▸ YOUR OBJECTIVE: Return the data below exactly, but only from the line containing "真正一步到位的改善型4房产品" through the line containing "This set contains", with both of those lines included.
---- RECORD EXTRACTS
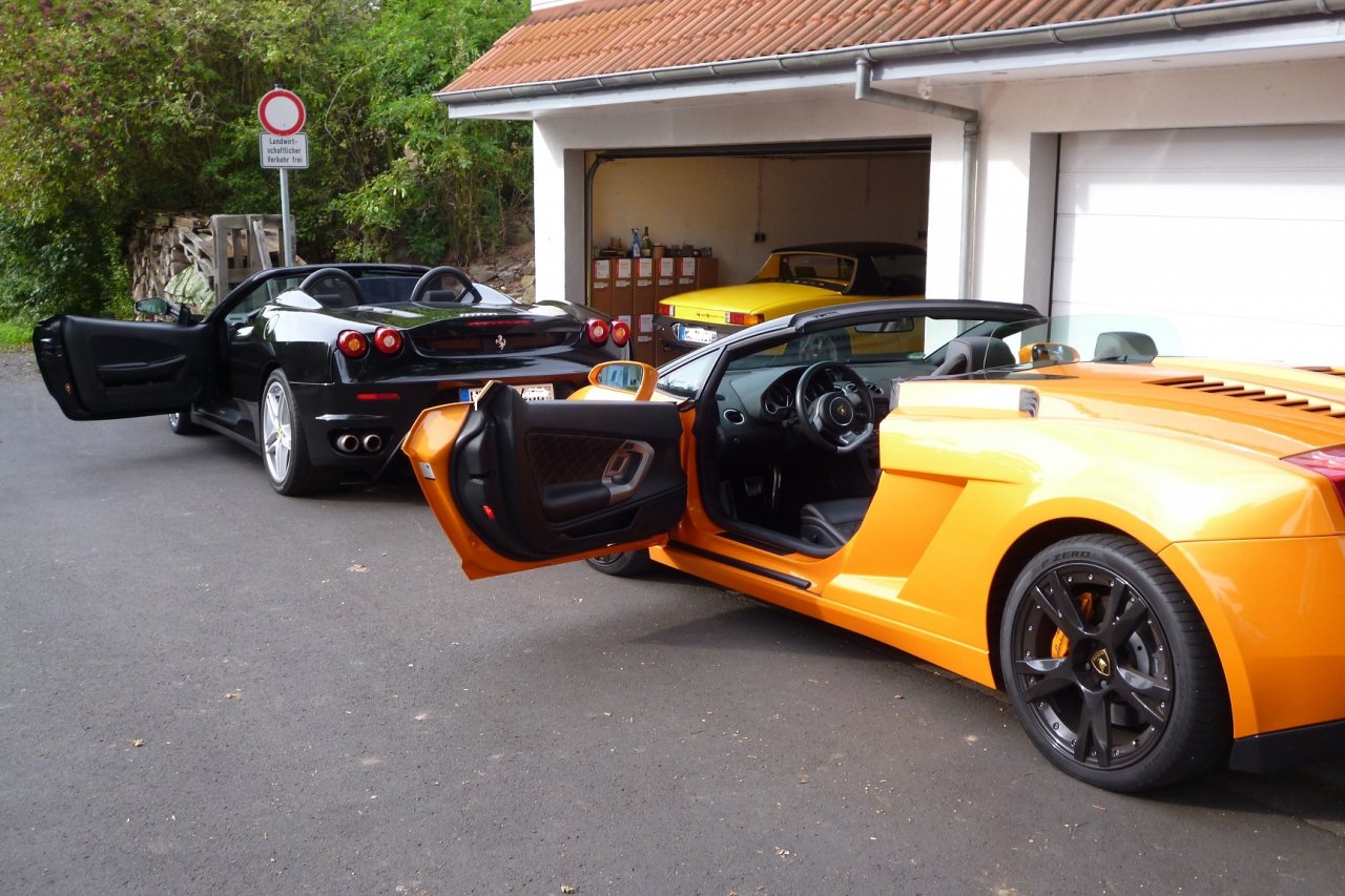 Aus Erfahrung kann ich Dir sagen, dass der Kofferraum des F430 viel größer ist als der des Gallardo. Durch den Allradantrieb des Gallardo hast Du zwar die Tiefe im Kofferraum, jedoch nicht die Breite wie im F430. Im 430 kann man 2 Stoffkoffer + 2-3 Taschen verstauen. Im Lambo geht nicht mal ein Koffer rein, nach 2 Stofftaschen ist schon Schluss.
--------
---- RECORD EXTRACTS
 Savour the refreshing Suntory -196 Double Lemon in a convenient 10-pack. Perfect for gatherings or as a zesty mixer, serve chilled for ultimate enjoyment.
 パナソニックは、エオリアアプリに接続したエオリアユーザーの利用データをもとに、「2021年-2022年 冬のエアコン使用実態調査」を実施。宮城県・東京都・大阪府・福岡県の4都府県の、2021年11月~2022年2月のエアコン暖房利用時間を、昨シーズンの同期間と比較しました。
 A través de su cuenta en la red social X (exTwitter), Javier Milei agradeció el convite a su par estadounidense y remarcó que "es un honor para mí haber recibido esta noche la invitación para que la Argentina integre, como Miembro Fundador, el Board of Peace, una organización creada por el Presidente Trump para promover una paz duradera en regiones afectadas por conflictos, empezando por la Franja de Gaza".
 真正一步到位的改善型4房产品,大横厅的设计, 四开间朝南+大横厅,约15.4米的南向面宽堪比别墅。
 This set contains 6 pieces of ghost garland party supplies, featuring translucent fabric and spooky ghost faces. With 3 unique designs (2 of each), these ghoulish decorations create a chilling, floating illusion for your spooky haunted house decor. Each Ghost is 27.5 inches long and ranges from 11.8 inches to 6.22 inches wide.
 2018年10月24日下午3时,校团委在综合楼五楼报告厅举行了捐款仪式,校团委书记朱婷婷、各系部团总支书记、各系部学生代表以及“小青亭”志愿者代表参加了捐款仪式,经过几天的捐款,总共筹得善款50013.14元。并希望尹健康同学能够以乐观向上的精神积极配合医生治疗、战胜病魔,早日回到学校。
--------
▸ ANSWER TO THIS PROBLEM:
 真正一步到位的改善型4房产品,大横厅的设计, 四开间朝南+大横厅,约15.4米的南向面宽堪比别墅。
 This set contains 6 pieces of ghost garland party supplies, featuring translucent fabric and spooky ghost faces. With 3 unique designs (2 of each), these ghoulish decorations create a chilling, floating illusion for your spooky haunted house decor. Each Ghost is 27.5 inches long and ranges from 11.8 inches to 6.22 inches wide.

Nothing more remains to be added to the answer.